*** Opening Source records ***
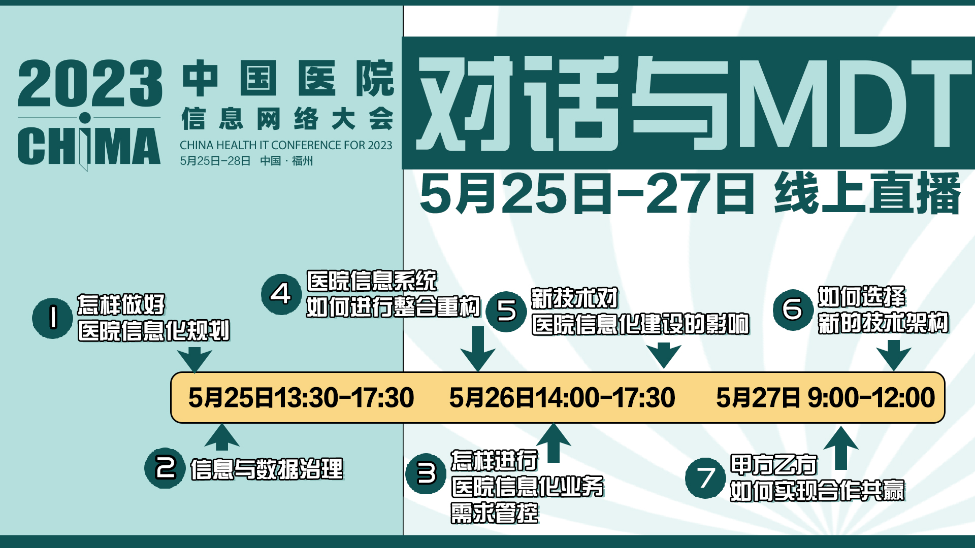 美彩国际 2023大会在大厅路演区设置了7场对话与MDT环节,分别是:怎样做好医院信息化规划、信息与数据治理、怎样进行医院信息化业务需求管控、医院信息系统如何进行整合重构、新技术对医院信息化建设的影响、如何选择新的技术架构、甲方乙方如何实现合作共赢,邀请业内大咖,围绕上述业内热点话题进行头脑风暴,把脉行业现状,共谋未来可持续发展之路。
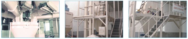 ◎Process flow is flexible. Equipped high efficient stainless double shaft mixer and pulse filter dust collector.
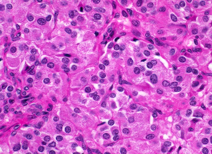 • Tumorzellen mit überwiegend monomorphen Zellkernen mit feinkörnigem Pfeffer und Salz Chromatin (Merkmal endokriner Zellen). Nukleolen sind nicht prominent. Reichlich eosinophiles Zytoplasma.
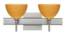 Brella has a classical bell shape that complements aesthetic, while also built for optimal illumination. Our Oak glass is a soft off-white cased glass that is handcrafted with spiraling strokes of light brown, emphasizing the subtle brush pattern. The wood-toned rippled design is subdued and harmonious. Unlit, it appears as simply a textured surface like wood grain, but when lit the texture comes alive. The smooth satin finish on the clear outer layer is a result of an extensive etching process, with the texture of the subtle brushing. This blown glass is handcrafted by a skilled artisan, utilizing century-old techniques passed down from generation to generation. The vanity fixture is equipped with decorative lamp holders, removable finials, linear rectangular housing, and a removable low profile oval canopy cover. These stylish and functional luminaries are offered in a beautiful Satin Nickel finish.
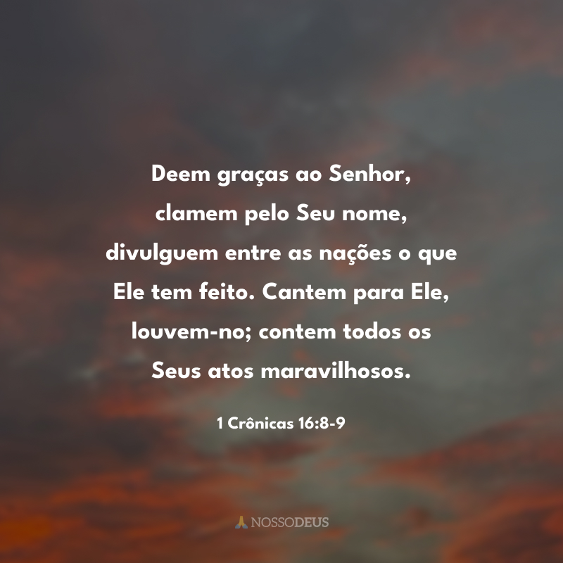 Deem graças ao Senhor, clamem pelo Seu nome, divulguem entre as nações o que Ele tem feito. Cantem para Ele, louvem-no; contem todos os Seus atos maravilhosos.
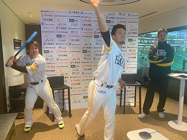 講師は2人1組に分かれ、板東湧梧投手とリチャード選手、森唯斗投手と栗原陵矢選手、東浜巨投手と中村晃選手、千賀滉大投手と甲斐拓也選手、笠谷俊介投手と今宮健太選手、嘉弥真新也投手と周東佑京選手のコンビで指導にあたりました。
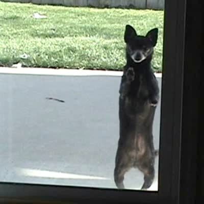 Dog stands on back paws at door and appears to be dancing to salsa music. Montage maybe.
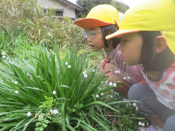 スズランの葉っぱで雨粒が光ってキラキラしてるね✨
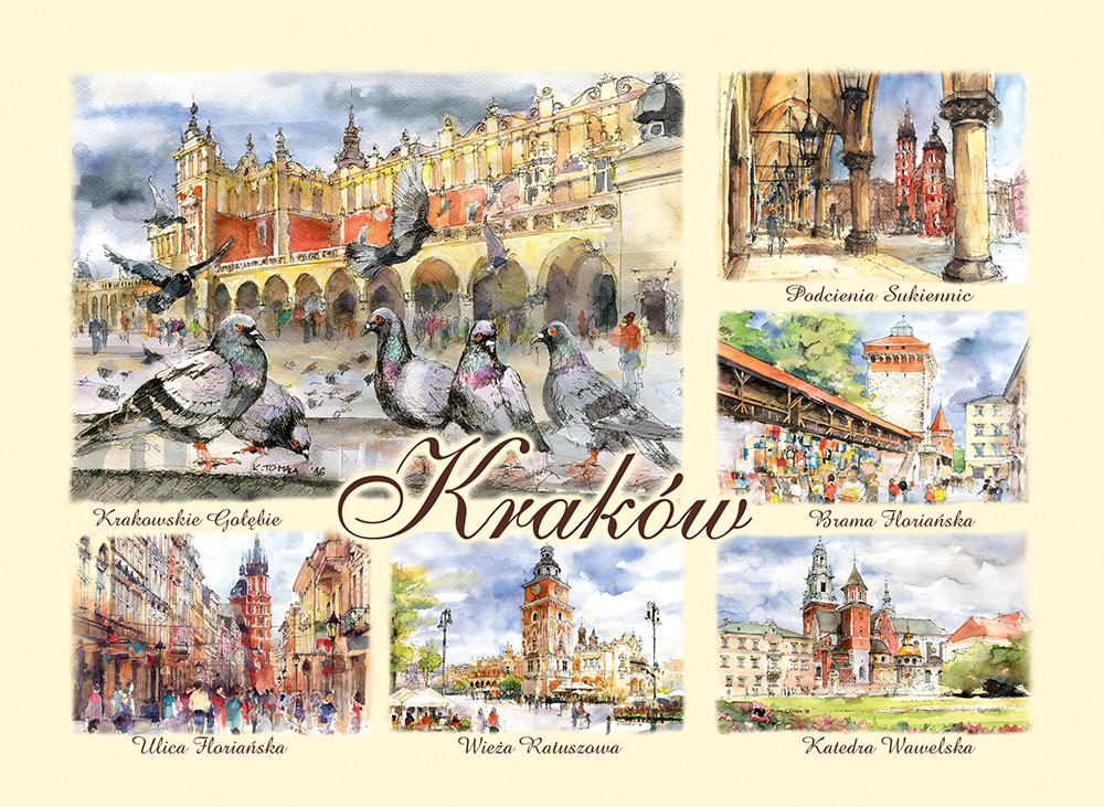 Przedstawia artystyczny obraz najciekawszych widoków i zakątków miasta Krakowa,
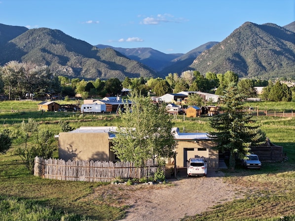 Escape to the quiet beauty of Taos at this peaceful 2BR/2BA home set on 4 private acres at the base of the mountains. Just 12–15 minutes from Taos Ski Valley and Taos Plaza, this retreat offers the perfect balance of seclusion, comfort, and easy access to everything the area has to offer.
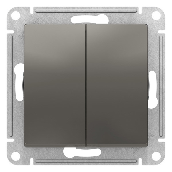Механизм выключателя 2-клавишного коллекции AtlasDesign в исполнении сталь Применим для подключения к сетям 250 В с номинальным током 10 А.. - Двухклавишный выключатель позволяет управлять двумя источниками света с одной точки. - Лицевые панели из качественного ABS-пластика, устойчивого к царапинам и УФ-излучению. - Усиленные прямые монтажные лапки для лучшей фиксации механизма в монтажной коробке.
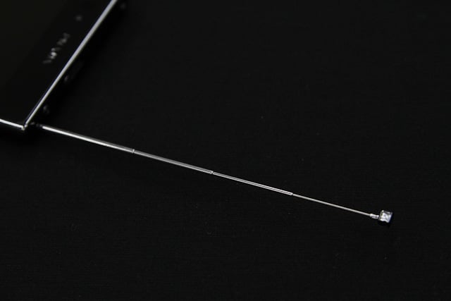 ワンセグアンテナを伸ばしてみました。12cmほどでいろいろな角度に曲げることができます。本体下部にはマイクがついています。
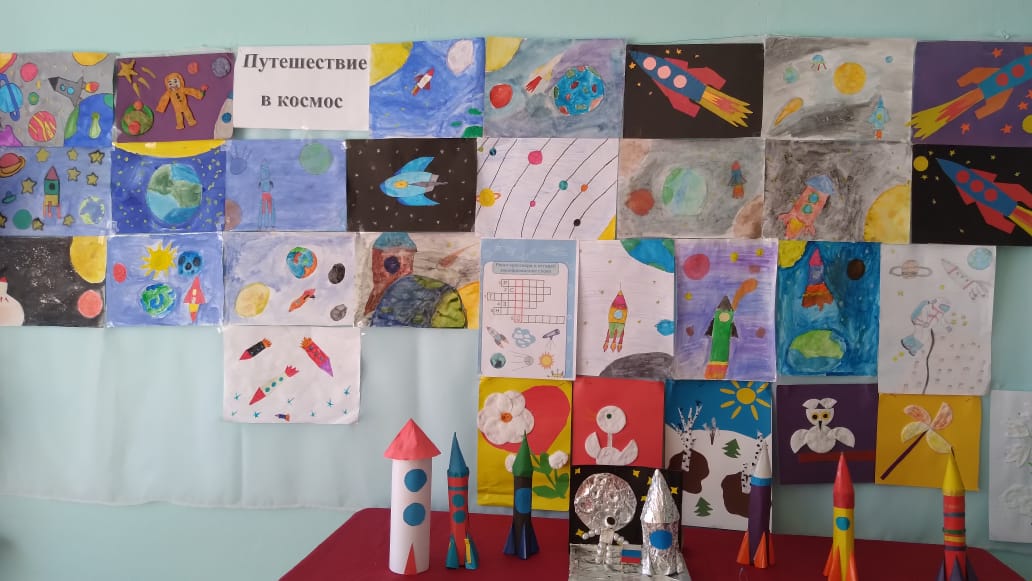 12 апреля в фойе первого этажа школы была оформлена выставка рисунков и поделок, посвящённая Дню космонавтики. Руководил процессом учитель начальных классов Гараева К.А. На выставке были представлены работы детей о космосе, звёздах и полете человека в космос. В работах детей космические просторы, галактики, планеты и звезды превратились из фантастической реальности в реальность нашего мира. Работы получились очень яркие, экспрессивные и по цвету и по форме.
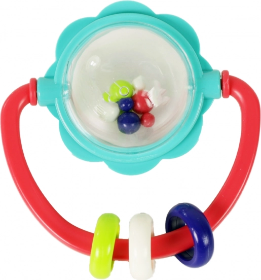 Farbenfrohe Rassel in Blumenform mit Kügelchen in der Mitte für Babys ab der Geburt. Fördert die Feinmotorik und die visuelle Wahrnehmung.
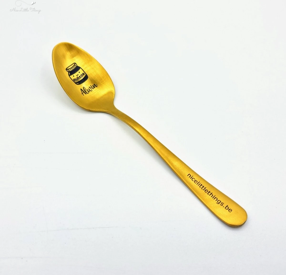 Deze eetlepel is gemaakt van roestvrij staal met een goudkleurige afwerking. Daarnaast heeft deze gouden lepel een fijne en sublieme lijn, die daarom zorgt voor een geraffineerde en chique touch aan jouw tafel. De gravure is van extreem hoge kwaliteit en door het gebruik van een speciale laser techniek heel duurzaam.
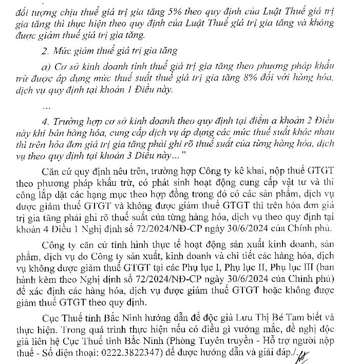 Kính gửi bộ tài chính và tổng cục thuế. Tôi đang công tác tại Công ty TNHH xây dựng Việt Panel (Bắc Ninh). Tôi có câu hỏi liên quan đến chính sách thuế rất mong nhận được câu trả lời. Công ty TNHH Xây dựng Việt Panel (Bắc Ninh) ký kết hợp đồng kinh tế: Cung cấp vật tư và thi công lắp đặt hạng mục cửa an ninh, điện, khí nén, cho Dự án Công Ty TNHH Amphenol Communication Electronics Việt Nam – Lô CN10, KCN Yên Phong mở rộng, xã Thụy Hòa, Huyện Yên Phong, tỉnh Bắc Ninh Đến tháng 7/2024, Công ty đã hoàn thành 80% khối lượng công việc và đang thực hiện công tác nghiệm thu giai đoạn. Theo điều khoản của hợp đồng, giai đoạn này Công ty phải xuất hóa đơn cho bên B. Trong báo giá Công ty có báo giá tổng hợp, chỉ rõ giá trị vật liệu và giá trị nhân công, ghi chung một mức thuế suất giá trị gia tăng (GTGT) 10% cho toàn bộ hàng hóa, dịch vụ. Các vật liệu chính cung cấp là: + Cổng xoay 3 càng (vật liệu chính thép không rỉ và bảng mạch in diện tử) mã ngành 241- sản phẩm gang, sắt, thép. Mã ngành 2630 – Thiết bị truyền thông. + Cáp điện đồng trục – Mã ngành 2732 – Dây cáp điện và điện tử khác. + Tủ điện phân phối (Vật liệu chính vỏ bằng thép sơn tĩnh điện, tụ điện, cầu chì, thanh cái đồng, attomat…) thuộc mã ngành 2970- Thiết bị điện khác + Ống thép không rỉ và phụ kiện nối ống (Vật liệu chính là sắt, thép) mã ngành 241 – sản phẩm gang, sắt, thép. + Thang máng cáp và phụ kiện (vật liệu chính là sắt, thép) mã ngành 241- sản phẩm gang, sắt, thép. Theo Công ty tra cứu mã danh mục thì vật tư thuộc mã ngành nêu trên, không được giảm thuế. Phần dịch vụ thi công, lắp đặt thuần túy là chi phí nhân công, thuộc mã ngành 4330, được giảm thuế. Khối lượng nghiệm thu theo khối lượng vật tư thực tế cấp và thi công lắp đặt hoàn thiện. Vậy Công ty xuất hóa đơn giai đoạn này có được hưởng thuế suất là 8% cho toàn bộ giá trị vật tư và nhân công hay không? Nếu hàng hóa và dịch vụ được hưởng mức thuế suất khác nhau thì Công ty phải xuất tách 2 hóa đơn riêng biệt cho khách hàng (1 hóa đơn vật tư 10% và 1 hóa đơn nhân công 8%) có đúng không?
*** Closing Source records ***
* [Instructions for the task] Exclude the pictures and print the rest of the data exactly.

* [Written solution]
 美彩国际 2023大会在大厅路演区设置了7场对话与MDT环节,分别是:怎样做好医院信息化规划、信息与数据治理、怎样进行医院信息化业务需求管控、医院信息系统如何进行整合重构、新技术对医院信息化建设的影响、如何选择新的技术架构、甲方乙方如何实现合作共赢,邀请业内大咖,围绕上述业内热点话题进行头脑风暴,把脉行业现状,共谋未来可持续发展之路。
 ◎Process flow is flexible. Equipped high efficient stainless double shaft mixer and pulse filter dust collector.
 • Tumorzellen mit überwiegend monomorphen Zellkernen mit feinkörnigem Pfeffer und Salz Chromatin (Merkmal endokriner Zellen). Nukleolen sind nicht prominent. Reichlich eosinophiles Zytoplasma.
 Brella has a classical bell shape that complements aesthetic, while also built for optimal illumination. Our Oak glass is a soft off-white cased glass that is handcrafted with spiraling strokes of light brown, emphasizing the subtle brush pattern. The wood-toned rippled design is subdued and harmonious. Unlit, it appears as simply a textured surface like wood grain, but when lit the texture comes alive. The smooth satin finish on the clear outer layer is a result of an extensive etching process, with the texture of the subtle brushing. This blown glass is handcrafted by a skilled artisan, utilizing century-old techniques passed down from generation to generation. The vanity fixture is equipped with decorative lamp holders, removable finials, linear rectangular housing, and a removable low profile oval canopy cover. These stylish and functional luminaries are offered in a beautiful Satin Nickel finish.
 Deem graças ao Senhor, clamem pelo Seu nome, divulguem entre as nações o que Ele tem feito. Cantem para Ele, louvem-no; contem todos os Seus atos maravilhosos.
 講師は2人1組に分かれ、板東湧梧投手とリチャード選手、森唯斗投手と栗原陵矢選手、東浜巨投手と中村晃選手、千賀滉大投手と甲斐拓也選手、笠谷俊介投手と今宮健太選手、嘉弥真新也投手と周東佑京選手のコンビで指導にあたりました。
 Dog stands on back paws at door and appears to be dancing to salsa music. Montage maybe.
 スズランの葉っぱで雨粒が光ってキラキラしてるね✨
 Przedstawia artystyczny obraz najciekawszych widoków i zakątków miasta Krakowa,
 Escape to the quiet beauty of Taos at this peaceful 2BR/2BA home set on 4 private acres at the base of the mountains. Just 12–15 minutes from Taos Ski Valley and Taos Plaza, this retreat offers the perfect balance of seclusion, comfort, and easy access to everything the area has to offer.
Механизм выключателя 2-клавишного коллекции AtlasDesign в исполнении сталь Применим для подключения к сетям 250 В с номинальным током 10 А.. - Двухклавишный выключатель позволяет управлять двумя источниками света с одной точки. - Лицевые панели из качественного ABS-пластика, устойчивого к царапинам и УФ-излучению. - Усиленные прямые монтажные лапки для лучшей фиксации механизма в монтажной коробке.
 ワンセグアンテナを伸ばしてみました。12cmほどでいろいろな角度に曲げることができます。本体下部にはマイクがついています。
 12 апреля в фойе первого этажа школы была оформлена выставка рисунков и поделок, посвящённая Дню космонавтики. Руководил процессом учитель начальных классов Гараева К.А. На выставке были представлены работы детей о космосе, звёздах и полете человека в космос. В работах детей космические просторы, галактики, планеты и звезды превратились из фантастической реальности в реальность нашего мира. Работы получились очень яркие, экспрессивные и по цвету и по форме.
 Farbenfrohe Rassel in Blumenform mit Kügelchen in der Mitte für Babys ab der Geburt. Fördert die Feinmotorik und die visuelle Wahrnehmung.
 Deze eetlepel is gemaakt van roestvrij staal met een goudkleurige afwerking. Daarnaast heeft deze gouden lepel een fijne en sublieme lijn, die daarom zorgt voor een geraffineerde en chique touch aan jouw tafel. De gravure is van extreem hoge kwaliteit en door het gebruik van een speciale laser techniek heel duurzaam.
 Kính gửi bộ tài chính và tổng cục thuế. Tôi đang công tác tại Công ty TNHH xây dựng Việt Panel (Bắc Ninh). Tôi có câu hỏi liên quan đến chính sách thuế rất mong nhận được câu trả lời. Công ty TNHH Xây dựng Việt Panel (Bắc Ninh) ký kết hợp đồng kinh tế: Cung cấp vật tư và thi công lắp đặt hạng mục cửa an ninh, điện, khí nén, cho Dự án Công Ty TNHH Amphenol Communication Electronics Việt Nam – Lô CN10, KCN Yên Phong mở rộng, xã Thụy Hòa, Huyện Yên Phong, tỉnh Bắc Ninh Đến tháng 7/2024, Công ty đã hoàn thành 80% khối lượng công việc và đang thực hiện công tác nghiệm thu giai đoạn. Theo điều khoản của hợp đồng, giai đoạn này Công ty phải xuất hóa đơn cho bên B. Trong báo giá Công ty có báo giá tổng hợp, chỉ rõ giá trị vật liệu và giá trị nhân công, ghi chung một mức thuế suất giá trị gia tăng (GTGT) 10% cho toàn bộ hàng hóa, dịch vụ. Các vật liệu chính cung cấp là: + Cổng xoay 3 càng (vật liệu chính thép không rỉ và bảng mạch in diện tử) mã ngành 241- sản phẩm gang, sắt, thép. Mã ngành 2630 – Thiết bị truyền thông. + Cáp điện đồng trục – Mã ngành 2732 – Dây cáp điện và điện tử khác. + Tủ điện phân phối (Vật liệu chính vỏ bằng thép sơn tĩnh điện, tụ điện, cầu chì, thanh cái đồng, attomat…) thuộc mã ngành 2970- Thiết bị điện khác + Ống thép không rỉ và phụ kiện nối ống (Vật liệu chính là sắt, thép) mã ngành 241 – sản phẩm gang, sắt, thép. + Thang máng cáp và phụ kiện (vật liệu chính là sắt, thép) mã ngành 241- sản phẩm gang, sắt, thép. Theo Công ty tra cứu mã danh mục thì vật tư thuộc mã ngành nêu trên, không được giảm thuế. Phần dịch vụ thi công, lắp đặt thuần túy là chi phí nhân công, thuộc mã ngành 4330, được giảm thuế. Khối lượng nghiệm thu theo khối lượng vật tư thực tế cấp và thi công lắp đặt hoàn thiện. Vậy Công ty xuất hóa đơn giai đoạn này có được hưởng thuế suất là 8% cho toàn bộ giá trị vật tư và nhân công hay không? Nếu hàng hóa và dịch vụ được hưởng mức thuế suất khác nhau thì Công ty phải xuất tách 2 hóa đơn riêng biệt cho khách hàng (1 hóa đơn vật tư 10% và 1 hóa đơn nhân công 8%) có đúng không?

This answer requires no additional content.